Towards this end, some embodiments provide an inverse dynamics model that models energy of the mechanical system with a GPR having a full prior and posterior covariance matrix that captures the correlations between the torques of the different actuators. The inverse dynamics model is trained with machine learning to map the dynamic states of the different actuators and joints to corresponding torques for the different actuators. According to an embodiment, dynamic states of the different actuators and joints are processed with the inverse dynamics model to produce values of the torques for the different actuators of the mechanical system and estimate values of the potential and kinetic energy of the mechanical system. Further, the mechanical system is controlled based on the values of the torques and the values of the potential and kinetic energy of the mechanical system. For instance, control commands are determined based on the values of the torques for the different actuators and the values of the potential and kinetic energy of the mechanical system. Further, the determined control commands are applied to the different actuators to control the mechanical system.

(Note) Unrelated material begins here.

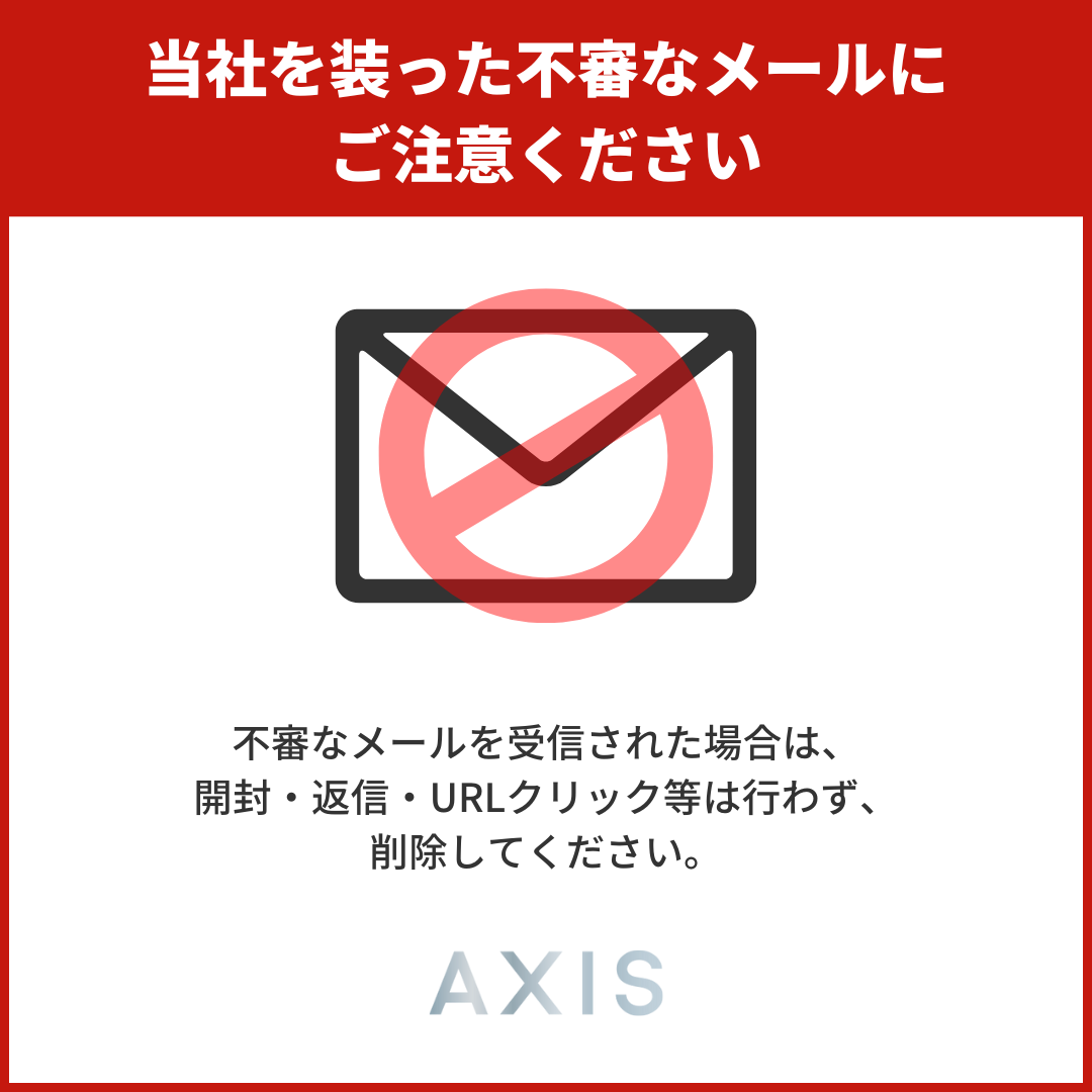 ●当社から、個別に金銭や個人情報を求めるメールをお送りすることはございません。

Some example embodiments are directed towards model and control of underactuated robots with energy-based techniques. In this regard, some example embodiments provide techniques for modelling and synthesis of energy-based controllers and control methods for UR systems. Some embodiments provide a Lagrangian Inspired Polynomial (LIP) estimator as a black-box estimator based on Gaussian Process Regression. The LIP estimator relies on a multidimensional, multi-output kernel that embeds the structure of the Euler-Lagrange equation. According to some embodiments, the LIP estimator learns various components of the inverse dynamics map, as well as the kinetic and potential energies of the UR system. Some embodiments utilize the LIP estimator to estimate values of kinetic and potential energies of the UR system, as well as the inertial, Coriolis, and gravity components directly from the overall torque measures. Some embodiments further utilize these properties to derive an energy-based controller for the stabilization and control of complex robots such as UR. The energy-based controller performs a partial feedback linearization on the actuated system and a regulation of the energy to steer the non-actuated system to a trajectory passing through the unstable equilibrium. Once the system is sufficiently close to the target, the control is switched to a Linear Quadratic Regulator (LQR) controller. The LIP model is suitable to implement this kind of controller since it returns the inertia matrix, the Coriolis and gravity torques, energy estimates, and the linearization of the system dynamics required by the LQR.
In order to realize the aforementioned objectives and advantages, various embodiments of this disclosure provide feedback controllers, feedback control methods and systems for controlling a mechanical system such as an underactuated robot in accordance with an inverse dynamics model of the system that is learned through machine learning techniques involving GPR.
According to some embodiments, a feedback controller for controlling a mechanical system to perform a task or to track a reference trajectory for performing a task is provided. The mechanical system has multiple degrees of freedom and comprises a plurality of actuators. The feedback controller comprises a memory configured to store an energy-based inverse dynamics model and computer program instructions and a processor configured to execute the instructions for controlling the mechanical system. The energy-based inverse dynamics model is trained with machine learning to map dynamic states of the mechanical system to corresponding torques for the plurality of actuators. In this regard, the energy-based inverse dynamics model is configured to model potential and kinetic energy of the mechanical system as Gaussian Processes of the dynamic states and derive Gaussian Processes for the torques from the Gaussian Processes of the dynamic states of the mechanical system based on physics of relationship between the torques and the potential and kinetic energy of the mechanical system. The processor executes the instructions to collect a feedback signal of an operation of the mechanical system, the feedback signal including current states of dynamics of the mechanical system indicative of a position, a velocity, and an acceleration of each joint of the plurality of joints of the mechanical system. The processor is further configured to process the current states of dynamics with the energy-based inverse dynamics model to produce values of the torques for the plurality of actuators and values of the potential and kinetic energy of the mechanical system. The processor controls the mechanical system based on the produced values of the torques for the plurality of actuators of the mechanical system and the values of the potential and kinetic energy of the mechanical system.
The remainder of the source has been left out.